若年世代がどうすべきかはとうにわかっているが…

 
 ネット上や2ch上で“為政者の首をもうちょっと若年者に向けるにはどうすれば良いのか”と憂いてみせている若き愛国者諸氏への民主的な模範解答としては、若年者がとにかく投票するしかない、というものになるだろうし、ここまで読んだ人ならそれぐらいは分かっているのだろう。例として極論をあげるなら、20代〜40代の投票率が95%になって、50代〜70代の投票率が5%になった時、為政者はこぞって若年世代を意識した政策決定をせざるを得なくなるし、それでもなお老年世代を贔屓する為政者は(選挙を通じて)速やかに淘汰される、という具合だ。
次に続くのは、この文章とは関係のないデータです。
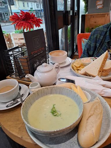 An absolutely amazing place, one to visit from near or far. My first time in Fareham and looking for a cafe to enjoy a warm drink my friend and I spotted Edwards. With a well presented and eye-catching exterior we looked closer to find that not only did this store front offer hot drinks and food, but also housed a hairdressers, this had to be seen to be believed. Stepping in we were greeted with an intelligently decorated interior, replete with hanging plants and colourful, comfortable furniture. To the rear of the store is the hairdressers, which looked popular and equally well presented. We made our way to the cafe counter and were warmly greeted by a member of staff who allowed us to peruse the menu and boards at our own pace, we then sat at a lovely little table by the window in two wonderfully comfortable lounge chairs. After an opportunity to look over the menu at our table the host came and took our order, also being happy to answer our questions about the stores unique dual purpose. The food was freshly prepared and presented to us upon gorgeous tableware. I had the soup of the day, one of two available, and was delighted with its flavour and quality. What had started as intrigue turned to a delightful visit, which I would recommend to all when in Fareham. Whether living locally or passing through Edwards Coffee lounge...

そこまで極端にならなくても、高齢世代より若年世代のほうが投票数で上回るぐらいになれば、為政者は今よりは若年世代に配慮した政治をやらざるを得ない。
 
 誰に投票するのか・どこの政党が勝つのかという点が選挙では重要だ。しかしそれ以前の段階として、「投票者に占める世代層の割合がどれぐらいなのか」も(政党や当選者の如何とはまた別個に)政策に影響を与える政治的ファクターになることを忘れるわけにはいかない。どこが与党になろうが誰が知事になろうが、投票者の世代別パーセンテージはそれ自体が世代の声の大きさに直結するし、政策にも反映されざるを得ない。「誰に投票したのか」「誰が当選したのか」が政策に直結するにせよ、「どの世代の声が大きいのか」「どの世代の顔色をみれば当選しやすいのか」というファクターは誰が当選しようとも間接的ながらも確実に政治に影響を与えることを忘れてはならない。だから無党派だろうが、政治に興味がなかろうが、投票所に行って白紙でもいいから若年者が投票を行うという行為にはそれ自体一定の政治的ニュアンスが含まれているし、2chのすみっこで「老害老害」と喚いている暇があったら、同世代の友人知人を一人でも多く投票に誘うってもんだろう。
 
 例えばもし、20代〜40代の投票率が80%になっていたらどうなるのか?下のグラフは、上段が第四十三回衆議院議員選挙の現実、下段は20代〜40代が投票率80%になったと仮定した場合のグラフである。
 

 
 形勢逆転。
 もしこんな事になったら、為政者達は今までよりは若年世代寄りの政治に傾かざるを得ないし、そうでない被選挙者は(今までよりは)淘汰されやすくなってしまうだろう。ここまで極端な投票率上昇は難しいし、若年者の多い都市部と老人の多い地方の「一票の格差問題」もあるので一概には言えないものの、被選挙者達は若年層の顔色を今まで以上に窺うことになること間違いない。マニフェストの内容も実際の政策も、世代の声の大きさによって質的変化を(ある程度にせよ)遂げざるを得ない。
 
 誰に投票しろとか、どこの政党を応援しろとは言わない。けれども、自分達の世代が必要としている施策を少しでも増やす一助としては、とりあえず投票所に行く必要があるということは覚えておいたほうがいいんじゃないかと思う。一票を投じる価値のある候補者がゼロの選挙で白紙投票の場合でさえ、“20代の声の大きさはこれぐらいですよ”という世代的な政治的ニュアンスには寄与出来るし、それはそれで十分政治参加と言える筈だ。よもや、ネットの隅っこで“老害政治”を憂いてみせる人達が選挙には行かないなどという事はないだろうけれど、自分の世代の声を少しでも政治に反映させようと思う若年者は、同世代の人間を一人でも多く投票に参加するよう呼びかけるってものだろう。そしてそれこそが、民主的な政治体制下においては最も正当な手続きに違いないし、世代別投票率の格差を埋めない限りは「高齢者のほうを向いた政策傾向」は終わらないだろう。
 

※選挙とかに詳しい人は、この辺りをどう思ってどう解説するのかみてみたいです。